Let’s reformulate the inputs as a vector $x = [x_1,x_2,\cdots,x_n]$ and the weights of the neuron as $w = [w_1,w2,\cdots,w_n]$. Then we can re-express the output of the neuron as $y=f(x \cdot w + b)$, where b is the bias term.

## Feed-Forward Neural Networks
![1-9](https://www.safaribooksonline.com/library/view/fundamentals-of-deep/9781491925607/assets/fodl_0109.png)

Figure 1-9. A simple example of a feed-forward neural network with three layers (input, one hidden, and output) and three neurons per layer

The bottom layer of the network pulls in the input data. The top layer of neurons (output nodes) computes our final answer. The middle layer(s) of neurons are called the hidden layers, and we let $w_{i,j}^{(k)}$ be the weight of the connection between the $i^{th}$ neuron in the $k^{th}$ layer with the $j^{th}$ neuron in the ${k+1}^{st}$ layer. These weights constitute our parameter vector, $\theta$, our ability to solve problems with neural networks depends on finding the optimal values to plug into $\theta$.

We note that in this example, connections only traverse from a lower layer to a higher layer. There are no connections between neurons in the same layer, and there are no connections that transmit data from a higher layer to a lower layer.

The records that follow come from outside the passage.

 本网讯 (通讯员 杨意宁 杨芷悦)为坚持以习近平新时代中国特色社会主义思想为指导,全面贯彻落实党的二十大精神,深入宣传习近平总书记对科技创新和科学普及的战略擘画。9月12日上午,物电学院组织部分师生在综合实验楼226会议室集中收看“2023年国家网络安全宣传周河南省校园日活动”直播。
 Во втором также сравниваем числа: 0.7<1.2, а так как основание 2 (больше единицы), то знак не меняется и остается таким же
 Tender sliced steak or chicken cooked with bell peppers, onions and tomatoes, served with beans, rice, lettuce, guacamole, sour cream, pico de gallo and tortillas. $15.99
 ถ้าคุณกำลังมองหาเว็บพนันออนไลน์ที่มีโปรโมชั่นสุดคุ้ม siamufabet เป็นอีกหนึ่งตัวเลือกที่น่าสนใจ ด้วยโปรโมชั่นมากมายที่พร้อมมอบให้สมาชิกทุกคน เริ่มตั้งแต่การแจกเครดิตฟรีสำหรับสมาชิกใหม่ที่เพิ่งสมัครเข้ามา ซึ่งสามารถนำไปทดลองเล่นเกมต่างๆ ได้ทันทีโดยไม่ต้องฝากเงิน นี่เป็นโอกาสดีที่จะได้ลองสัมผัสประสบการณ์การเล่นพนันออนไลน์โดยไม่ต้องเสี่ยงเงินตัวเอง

These neural networks are called `feed-forward` networks.

## Linear Neurons
![1-10](https://www.safaribooksonline.com/library/view/fundamentals-of-deep/9781491925607/assets/fodl_0110.png)

Figure 1-10. An example of a linear neuron

## Sigmoid, Tanh, and ReLU Neurons
### Sigmoid
$$f(z)=\frac{1}{1+e^{-z}}$$

![1-11](https://www.safaribooksonline.com/library/view/fundamentals-of-deep/9781491925607/assets/fodl_0111.png)

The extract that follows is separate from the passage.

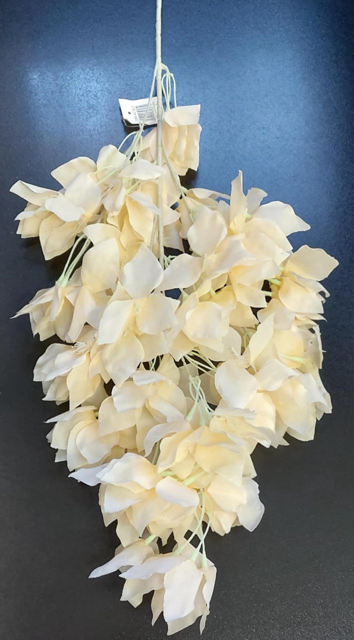 Un fir floral cu nuanțe calde și naturale, perfect pentru decoruri rafinate. Glicina artificială de 100 cm în tonuri somon deschis este realizată din material textil și imită perfect florile reale, fiind ideală pentru amenajări florale suspendate sau pereți florali.

Figure 1-11. The output of a sigmoid neuron as z varies

### Tanh
Tanh neurons use a similar kind of S-shaped nonlinearity, but instead of ranging from 0 to 1, the output of tanh neurons range from −1 to 1. 

![1-12](https://www.safaribooksonline.com/library/view/fundamentals-of-deep/9781491925607/assets/fodl_0112.png)

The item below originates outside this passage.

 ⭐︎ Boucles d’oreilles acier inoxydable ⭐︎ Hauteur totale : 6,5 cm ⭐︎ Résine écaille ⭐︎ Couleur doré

Figure 1-12. The output of a tanh neuron as z varies

### ReLU
Restricted linear unit (ReLU) neuron uses the function f(z)=max(0,z), resulting in a characteristic hockey-stick-shaped response, as shown in Figure 1-13.

![1-13](https://www.safaribooksonline.com/library/view/fundamentals-of-deep/9781491925607/assets/fodl_0113.png)

Figure 1-13. The output of a ReLU neuron as z varies

## Softmax Output Layers
We require the sum of all the outputs to be equal to 1. Letting $z_i$ be the logit of the $i^{th}$ softmax neuron, we can achieve this normalization by setting its output to:

$$y_i=\frac{e^{z_i}}{\sum_i e^{z_j}}$$